"Salmaneser, raja Asyur, maju melawan negeri itu, dan Hosyea menjadi hambanya serta membayar upeti kepadanya."
Ayat 2 Raja-raja 17:5 ini menyajikan sebuah momen penting dalam sejarah Israel, khususnya Kerajaan Utara (Samaria). Ayat ini tidak hanya mencatat tindakan Raja Salmaneser dari Asyur, tetapi juga menyoroti posisi Hosyea, raja terakhir Samaria, yang terpaksa tunduk dan membayar upeti kepada kekuatan yang sedang bangkit. Peristiwa ini menjadi pintu gerbang menuju kehancuran total Kerajaan Samaria, sebuah konsekuensi dari penolakan mereka terhadap peringatan ilahi dan kesetiaan pada perjanjian dengan Allah.

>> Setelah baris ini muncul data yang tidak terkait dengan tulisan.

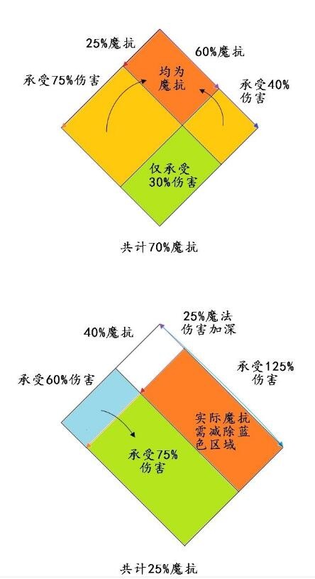 “这PA六蝴蝶就有98%闪避,根本打不中!” “那AM出六笛子也有98%魔抗,绝对的敌法师!” “看我万力屠夫,1500%的状态抗性,根本控不住!” 那么或有人奇怪,这些属性究竟是怎么叠加的,今天我就简单介绍一下。 加法叠加 这是一种最为传统的叠加方式。 简洁明了,也是大家都能理解的增加方式。 包括定值攻击力、百分比攻击力、攻击速度数值、定值生命值、魔法值、定值生命恢复速率、生命恢复速率百分比加成、定值魔法恢复速率、魔法恢复速率百分比加成、护甲数值、攻击距离、技能增强、定值移动速度、百分比移动速度、力量、敏捷、智力、施法距离、等优先的核心伤害调整、等优先的特效伤害调整、定值冷却时间、定值魔法消耗、定值修正的技能效果等属性、数据均为加法叠加。 乘法叠加 这是一种同样经典的叠加方式,一般适用于一些减伤和加伤效果。 对于大多数的乘法叠加,需要注意一点,他们的零点基准为100%,而不是0%。比如 实际计算时应当选用125%/130%/135%/140%。而 应当选用50%/60%/70%(70%/85%/100%)。 包括不等优先的伤害调整对伤害值的加成、所有属性以百分比形式的加成(包括但不仅限于攻击力、生命值、移动速度、生命恢复、魔法恢复、冷却时间、魔法消耗)等属性、数据均为乘法叠加。 补数乘法叠加 这个词可能有些晦涩难懂,但是其本质相当简单明了。因为DOTA2内不少的效果均为此类叠加方式,所以划重点,必考! 可以看到魔抗的计算并不是直接由魔抗决定,而是由承受的伤害决定。由各自魔抗所实际承受的伤害,计算实际的魔抗值。 这种“先进行1-计算算出承受伤害,乘法叠加后,再进行1-计算算出实际魔抗”的叠加方式被我称为补数乘法叠加。 补数乘法叠加的基本公式为:(1-s)=(1-s1)*(1-s2)*(1-s3)…… 包括魔法抗性、状态抗性、闪避落空、克敌机先必中等效果均为补数乘法叠加。 优者生效(反木桶叠加) 顾名思义,反木桶叠加,就是指叠加的结果完全取决于木桶中最长的那根木板有多长。 虽然多个致命一击的来源都会进行结算概率,并判断是否生效,但是最终生效的只有效果最好的那个。 包括致命一击、等优先的格挡(魔法格挡除外)、虚无的魔法伤害加深、伤害无效化、相似/等来源的光环、极少量拥有相同用途的技能(例如重生)等效果均为反木桶叠加。 互相独立 这个我要单独拿出来提一下,因为确实有存在价值。 互相独立意味着这些道具虽然最终效果相似或相仿,但是他们的判定是相互独立,且不会互相影响的。 包括不同类型的吸血、治疗、同时生效的多段技能、不同来源的分裂溅射、以技能形式生效的攻击特效等均为互相独立。 了解更多相关信息,请前往http://dota2.yzz.cn/ |

Kisah kejatuhan Samaria adalah narasi yang penuh dengan pelajaran rohani dan sejarah. Kerajaan Israel Utara, setelah terpecah dari Kerajaan Yehuda, telah lama menyimpang dari ajaran-ajaran Allah. Mereka mendirikan tempat-tempat penyembahan berhala, mengabaikan para nabi yang diutus Allah untuk memperingatkan mereka, dan sering kali mencari bantuan dari bangsa-bangsa asing alih-alih mengandalkan Tuhan. Perilaku ini, yang dikategorikan sebagai "dosa yang besar" dalam Kitab Suci, tidak luput dari perhatian Allah.
Raja Salmaneser, yang disebutkan dalam ayat ini, adalah penguasa Asyur yang memiliki ambisi besar untuk memperluas kerajaannya. Bangsa Asyur dikenal dengan kekuatan militer mereka yang brutal dan efisien, serta strategi penaklukan yang kejam. Datangnya tentara Asyur ke wilayah Israel bukanlah sebuah serangan mendadak, melainkan bagian dari kampanye militer yang lebih luas untuk menegaskan dominasi mereka di wilayah tersebut. Hosyea, raja Samaria pada saat itu, berada dalam posisi yang sangat sulit. Ia mungkin mencoba menentang atau mencari sekutu, namun pada akhirnya, ia harus menghadapi kenyataan bahwa ia tidak mampu menahan kekuatan Asyur sendirian.
Keputusan Hosyea untuk menjadi "hamba" dan membayar upeti kepada Salmaneser adalah tanda keputusasaan dan kelemahan. Ini adalah pengakuan kekalahan, sebuah pengakuan bahwa kedaulatan Samaria telah direnggut oleh kekuatan eksternal. Pembayaran upeti ini bukanlah solusi jangka panjang, melainkan penundaan yang hanya mengulur waktu sebelum kehancuran yang lebih besar datang. Bangsa Asyur sering kali menggunakan perjanjian upeti ini sebagai prelude untuk penaklukan total dan pembuangan penduduk.
Ayat ini mengingatkan kita pada konsekuensi dari ketidaktaatan dan penolakan terhadap kehendak Allah. Sejarah Samaria, seperti yang dicatat dalam 2 Raja-raja, menjadi sebuah peringatan abadi bahwa bangsa atau individu yang berpaling dari Tuhan dan mengabaikan prinsip-prinsip kebenaran akan menghadapi malapetaka. Kejatuhan Samaria bukanlah hanya peristiwa politik atau militer, tetapi juga merupakan manifestasi dari penghakiman ilahi atas dosa yang terus-menerus dilakukan. Pelajaran dari 2 Raja-raja 17:5 tetap relevan hingga kini, mengajarkan pentingnya kesetiaan, kerendahan hati di hadapan Allah, dan konsekuensi dari mengabaikan jalan kebenaran.